Before BOWES and DUFRESNE, JJ., and REMY CHIASSON, J. Pro Tem.
BOWES, Judge.
WellTech, Inc. appeals to this Court from a judgment of the Twenty-Fourth Judicial District Court in and for the Parish of Jefferson, Louisiana which granted a preliminary injunction in favor of Peter J. Abadie, Jr. and against plaintiff/appellant, WellTech, Inc., enjoining it from continuing to pursue the garnishment or seizure of proceeds from certain annuity policies of Abadie and effectively exempting from seizure these certain annuity policies.
We affirm the decision of the trial court granting the preliminary injunction for the following reasons.
PROCEDURE
WellTech, plaintiff/appellant herein, filed suit in Texas against Peter J. Abadie, defendant herein, B. Wayne Summers and Robert A. Parma, seeking rescission of a stock purchase agreement under the Texas Securities Act in matter No. 92-054719 entitled WellTech, Inc. v. Peter J. Abadie, et al., No. 92-054719 in the 234th Judicial District Court, Harris County, Texas. After a three day judge trial, the Texas court granted judgment in favor of WellTech, Inc. and against Abadie and his co-defendants, jointly and severally, in the principal amount of $1,583,992.46, together with post-judgment interest and attorney fees. Abadie filed an appeal in Texas from that judgment which is currently pending. However, Abadie did not file a "supersedeas bond," which is required to suspend the execution of the judgment in the Texas courts.
On August 22, 1994, WellTech, Inc. filed suit in the Twenty-Fourth Judicial District Court for the Parish of Jefferson in matter No. 467-749 to make the Texas judgment executory, pursuant to La.R.S. 13:4241the Uniform Enforcement of Foreign Judgments Act. Defendant, Peter J. Abadie filed an answer, petition for rule nisi and reconventional demand in those proceedings, seeking to have the Twenty-Fourth Judicial Court refuse to enforce the Texas judgment. On March 10, 1995, the Jefferson trial court rendered judgment in favor of WellTech and against Abadie, finding that the Texas judgment was enforceable and dismissing the rule nisi filed by Abadie.[1]

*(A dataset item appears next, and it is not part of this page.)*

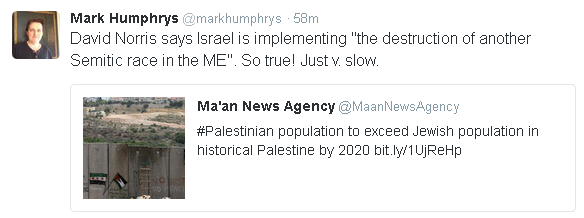 And yet Norris endlessly attacks Israel, and uses offensive "Nazi" language about it.

*1239 On March 30, 1995, WellTech petitioned for garnishment directed to Electric Capital Assurance, American Mutual Life, and TransAmerica Occidental Life, (garnishees) seeking to garnish payments made to Mr. Abadie from certain annuity policies. Abadie, as judgment debtor, filed a petition for intervention, requesting an injunction and temporary restraining order, enjoining the garnishments. The temporary restraining order was granted and a hearing was set on the preliminary injunction. On May 16, 1995, the trial court granted the preliminary injunction, finding that the annuities were exempt from seizure under La.R.S. 13:3881(D). WellTech appeals, herein, alleging that the trial court erred in finding that the payments to Abadie are exempt from seizure.
ANALYSIS
The payments sought to be garnished by WellTech are payments from various annuity policies purchased with funds representing attorneys fees owed to Abadie for services he rendered in representing clients. We hold that it is clear, under Louisiana statutory authority, that payments made under annuity policies are exempt from the seizure attempted herein.
La.R.S. 13:3881(D)(1) provides:
The following shall be exempt from all liability for any debt except alimony and child support: all pensions, all proceeds of and payments under annuity policies or plans, all individual retirement accounts, all Keogh plans, all simplified employee pension plans, and all other plans qualified under Sections 401 or 408 of the Internal Revenue Code. However, an individual retirement account, Keogh plan, simplified employee pension plan, or other qualified plan is only exempt to the extent that contributions thereto were exempt from federal income taxation at the time of contribution, plus interest or dividends that have accrued thereon.
[Emphasis supplied].
La.R.S. 20:33 states that:
The following shall be exempt from all liability for any debt except alimony and child support:
(1) All pensions, all proceeds of and payments under annuity policies or plans, all individual retirement accounts, all Keogh plans, all simplified employee pension plans, and all other plans qualified under Sections 401 or 408 of the Internal Revenue Code. However, an individual retirement account, Keogh plan, simplified employee pension plan, or other qualified plan is only exempt to the extent that contributions thereto were exempt from federal income taxation at the time of contribution, plus interest or dividends that have accrued thereon. No contribution shall be exempt if made less that one calendar year from the date of filing for bankruptcy, whether voluntary or involuntarily, or less than one calendar year from the date writs of seizure are filed against such account or plan.
[Emphasis supplied].
La.R.S. 22:647(B) provides:
The lawful beneficiary, assignee, or payee, including the annuitant's estate, of an annuity contract, heretofore or hereafter effected, shall be entitled to the proceeds and avails of the contract against the creditors and representatives of the annuitant or the person effecting the contract, or the estate of either, and against the heirs and legatees of either such person, saving the rights of forced heirs, and such proceeds and avails shall also be exempt from all liability for any debt of such beneficiary, payee, or assignee or estate, existing at the time the proceeds or avails are made available for his own use.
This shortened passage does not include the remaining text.